The implementation of ResNet is different from official implementation in Caffe #191

lyuwenyu · 2017-06-26T02:51:21Z

The downsample part in each block/layer (not the skip connection part), the PyTorch do it in conv3x3 using stride=2, but official caffe version in conv1x1 with stride=2

conv1x1 -> caffe do it in here
conv3x3 -> pytorch do it in here
conv1x1

Here in Bottleneck:

        self.conv2 = nn.Conv2d(planes, planes, kernel_size=3, stride=stride,
                               padding=1, bias=False)

  (layer2): Sequential (
    (0): Bottleneck (
      (conv1): Conv2d(256, 128, kernel_size=(1, 1), stride=(1, 1), bias=False)
      (bn1): BatchNorm2d(128, eps=1e-05, momentum=0.1, affine=True)
      (conv2): Conv2d(128, 128, kernel_size=(3, 3), stride=(2, 2), padding=(1, 1), bias=False)
       ...

but in caffe


layer {
	bottom: "res2c"
	top: "res3a_branch2a"
	name: "res3a_branch2a"
	type: "Convolution"
	convolution_param {
		num_output: 128
		kernel_size: 1
		pad: 0
		stride: 2
		bias_term: false
	}
}

The text was updated successfully, but these errors were encountered:

fmassa · 2017-09-03T18:58:52Z

From what I see, the torchvision implementation also uses 1x1 convolution kernels when downsampling, see here for example

ptrendx · 2017-10-24T22:10:11Z

This is only partially true (and the issue should not be closed). Downsample is one of the convolutions that should have stride 2 (and it has, like you pointed out, @fmassa), but there is also convolutions in bottleneck block (which the original issue was referencing) - see here. Here also it is the first convolution (1x1) that should have stride=stride, not the second convolution (3x3).

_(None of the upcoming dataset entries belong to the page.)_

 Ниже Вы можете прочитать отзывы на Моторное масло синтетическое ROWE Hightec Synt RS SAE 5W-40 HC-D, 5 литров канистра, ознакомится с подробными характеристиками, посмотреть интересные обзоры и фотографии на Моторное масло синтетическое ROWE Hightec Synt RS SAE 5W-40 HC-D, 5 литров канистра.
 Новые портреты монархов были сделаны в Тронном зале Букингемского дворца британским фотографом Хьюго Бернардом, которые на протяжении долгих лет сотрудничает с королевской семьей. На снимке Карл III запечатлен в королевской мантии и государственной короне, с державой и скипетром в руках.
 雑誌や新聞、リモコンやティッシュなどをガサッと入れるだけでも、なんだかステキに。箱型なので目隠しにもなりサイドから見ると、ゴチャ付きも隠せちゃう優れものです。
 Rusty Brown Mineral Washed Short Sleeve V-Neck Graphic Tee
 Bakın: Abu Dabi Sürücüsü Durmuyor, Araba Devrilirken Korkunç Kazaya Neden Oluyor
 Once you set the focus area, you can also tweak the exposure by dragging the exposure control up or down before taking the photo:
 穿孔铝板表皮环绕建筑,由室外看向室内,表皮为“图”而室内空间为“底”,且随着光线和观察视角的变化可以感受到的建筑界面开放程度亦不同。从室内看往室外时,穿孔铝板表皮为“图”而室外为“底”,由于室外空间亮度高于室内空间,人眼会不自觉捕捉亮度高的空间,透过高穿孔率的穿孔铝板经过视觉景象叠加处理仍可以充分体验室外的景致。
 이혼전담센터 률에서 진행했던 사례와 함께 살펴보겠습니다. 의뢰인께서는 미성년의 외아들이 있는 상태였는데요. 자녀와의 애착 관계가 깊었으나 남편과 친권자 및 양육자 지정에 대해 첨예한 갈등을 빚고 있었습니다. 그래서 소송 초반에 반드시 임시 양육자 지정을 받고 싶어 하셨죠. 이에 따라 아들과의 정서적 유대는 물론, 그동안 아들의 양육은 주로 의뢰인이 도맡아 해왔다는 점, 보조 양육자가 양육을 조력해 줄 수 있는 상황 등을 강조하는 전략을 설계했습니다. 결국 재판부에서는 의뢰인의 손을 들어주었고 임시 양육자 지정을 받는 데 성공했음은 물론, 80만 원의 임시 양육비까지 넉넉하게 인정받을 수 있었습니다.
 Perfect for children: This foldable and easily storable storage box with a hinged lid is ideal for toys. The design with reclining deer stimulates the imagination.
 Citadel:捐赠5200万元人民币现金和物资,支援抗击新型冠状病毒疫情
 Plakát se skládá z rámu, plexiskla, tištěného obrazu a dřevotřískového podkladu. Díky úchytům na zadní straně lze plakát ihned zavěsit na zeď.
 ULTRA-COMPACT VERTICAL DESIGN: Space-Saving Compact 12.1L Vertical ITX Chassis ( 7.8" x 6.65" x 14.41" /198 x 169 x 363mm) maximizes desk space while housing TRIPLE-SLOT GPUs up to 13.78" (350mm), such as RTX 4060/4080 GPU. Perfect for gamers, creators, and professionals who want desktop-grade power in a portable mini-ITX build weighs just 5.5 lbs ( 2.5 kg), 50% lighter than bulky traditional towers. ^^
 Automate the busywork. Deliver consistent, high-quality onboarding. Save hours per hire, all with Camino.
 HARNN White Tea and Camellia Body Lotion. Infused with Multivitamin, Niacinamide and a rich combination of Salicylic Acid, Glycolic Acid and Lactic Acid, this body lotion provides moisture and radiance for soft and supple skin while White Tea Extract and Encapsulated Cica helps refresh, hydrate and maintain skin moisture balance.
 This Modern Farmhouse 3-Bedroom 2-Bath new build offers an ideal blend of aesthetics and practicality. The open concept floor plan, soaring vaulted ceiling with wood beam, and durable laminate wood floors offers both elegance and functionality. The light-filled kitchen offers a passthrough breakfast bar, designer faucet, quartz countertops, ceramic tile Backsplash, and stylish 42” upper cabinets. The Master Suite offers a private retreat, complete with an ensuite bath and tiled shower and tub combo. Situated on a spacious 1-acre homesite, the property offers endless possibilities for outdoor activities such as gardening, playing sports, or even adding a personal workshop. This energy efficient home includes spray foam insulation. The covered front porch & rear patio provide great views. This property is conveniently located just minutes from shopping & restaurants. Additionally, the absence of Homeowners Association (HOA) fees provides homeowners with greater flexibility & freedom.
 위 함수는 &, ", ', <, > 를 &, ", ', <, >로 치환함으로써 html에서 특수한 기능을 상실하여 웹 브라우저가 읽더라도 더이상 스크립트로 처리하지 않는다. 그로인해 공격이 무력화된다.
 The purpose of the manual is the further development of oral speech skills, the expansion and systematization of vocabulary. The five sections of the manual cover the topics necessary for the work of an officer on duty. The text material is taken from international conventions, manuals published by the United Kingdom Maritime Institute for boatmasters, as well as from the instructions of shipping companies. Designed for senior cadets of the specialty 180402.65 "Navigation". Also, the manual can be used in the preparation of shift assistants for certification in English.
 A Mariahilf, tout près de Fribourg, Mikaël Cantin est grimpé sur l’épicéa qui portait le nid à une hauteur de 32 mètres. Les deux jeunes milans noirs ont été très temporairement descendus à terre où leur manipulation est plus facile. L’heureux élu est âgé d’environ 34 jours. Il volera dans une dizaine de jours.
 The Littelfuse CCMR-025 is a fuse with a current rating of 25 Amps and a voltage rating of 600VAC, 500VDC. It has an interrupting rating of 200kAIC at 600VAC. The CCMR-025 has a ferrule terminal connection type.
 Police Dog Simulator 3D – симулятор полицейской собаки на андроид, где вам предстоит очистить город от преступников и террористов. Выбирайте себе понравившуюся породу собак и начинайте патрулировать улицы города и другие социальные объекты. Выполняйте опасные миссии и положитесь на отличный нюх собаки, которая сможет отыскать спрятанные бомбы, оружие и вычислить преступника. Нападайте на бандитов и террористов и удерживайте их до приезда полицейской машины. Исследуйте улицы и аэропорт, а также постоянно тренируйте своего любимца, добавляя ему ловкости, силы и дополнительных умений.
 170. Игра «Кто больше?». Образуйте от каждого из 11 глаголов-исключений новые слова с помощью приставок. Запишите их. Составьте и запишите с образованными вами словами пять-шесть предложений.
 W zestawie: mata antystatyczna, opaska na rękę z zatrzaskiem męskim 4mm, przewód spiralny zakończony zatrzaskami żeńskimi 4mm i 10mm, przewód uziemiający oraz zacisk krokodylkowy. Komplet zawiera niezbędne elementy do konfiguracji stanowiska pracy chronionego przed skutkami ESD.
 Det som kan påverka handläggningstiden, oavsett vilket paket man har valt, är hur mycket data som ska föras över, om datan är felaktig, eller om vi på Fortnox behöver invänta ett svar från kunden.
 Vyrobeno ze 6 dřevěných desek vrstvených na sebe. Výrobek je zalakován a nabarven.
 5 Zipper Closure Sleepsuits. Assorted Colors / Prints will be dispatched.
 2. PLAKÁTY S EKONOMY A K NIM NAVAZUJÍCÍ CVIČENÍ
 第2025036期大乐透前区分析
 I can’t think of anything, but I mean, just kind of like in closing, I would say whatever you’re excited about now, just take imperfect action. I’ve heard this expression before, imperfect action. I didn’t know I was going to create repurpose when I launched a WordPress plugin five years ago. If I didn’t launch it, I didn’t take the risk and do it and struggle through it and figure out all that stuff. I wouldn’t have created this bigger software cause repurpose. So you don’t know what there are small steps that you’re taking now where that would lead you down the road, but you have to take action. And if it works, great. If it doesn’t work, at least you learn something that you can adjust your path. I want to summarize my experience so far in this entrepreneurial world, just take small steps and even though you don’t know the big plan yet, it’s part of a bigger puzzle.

victorhcm · 2017-10-30T03:01:01Z

Also, Table 1 in the paper describes that "downsampling is performed by conv3_1, conv4_1, and conv5_1 with a stride of 2." If I am not missing something in the code, it seems that the Bottleneck layer is using stride 2 in the second convolution, instead of using it in the first convolution (as pointed out by @lyuwenyu and @ptrendx). For instance, in the last convolutional group, we have a Bottleneck following this pattern:

# Bottleneck layer
out = conv1_bn_relu(out, kernel=1, stride=1)
out = conv2_bn_relu(out, kernel=3, stride=2)
out = conv3_bn_relu(out, kernel=1, stride=1)

While it should be:

out = conv1_bn_relu(out, kernel=1, stride=2)
out = conv2_bn_relu(out, kernel=3, stride=1)
out = conv3_bn_relu(out, kernel=1, stride=1)

out = conv1_bn_relu(out, kernel=1, stride=1)
out = conv2_bn_relu(out, kernel=3, stride=1)
out = conv3_bn_relu(out, kernel=1, stride=1)

out = conv1_bn_relu(out, kernel=1, stride=1)
out = conv2_bn_relu(out, kernel=3, stride=1)
out = conv3_bn_relu(out, kernel=1, stride=1)

If you paste the original prototxt in this network visualizer, in the last convolutional group only conv5_1 (res5a_branch2a) has stride 2, the following have stride 1.

EDIT: clarity and corrected possible fix

I think it could be fixed by changing here to:

self.conv1 = nn.Conv2d(inplanes, planes, kernel_size=1, stride=stride, bias=False)
self.bn1 = nn.BatchNorm2d(planes)
self.conv2 = nn.Conv2d(planes, planes, kernel_size=3, stride=1,

fmassa · 2017-11-12T16:41:34Z

While I agree that the definition of the Bottleneck module seems to be different than the one mentioned in the original paper, I believe that what is currently done is throws away much less information in the beginning of each block (at the expense of a smaller receptive field). Indeed, the original implementation seems to throw away 75% of the input of each residual at the beginning of each Bottleneck module (1x1 conv with stride of 2).

Note that the BasicBlock architecture follows the right pattern.

I'm reopening the issue and tagging @colesbury (who originally implemented ResNet in PyTorch).
To summarize, the original paper mentions downsampling to happen here, while we are doing it here. The same is present in fb-resnet.torch.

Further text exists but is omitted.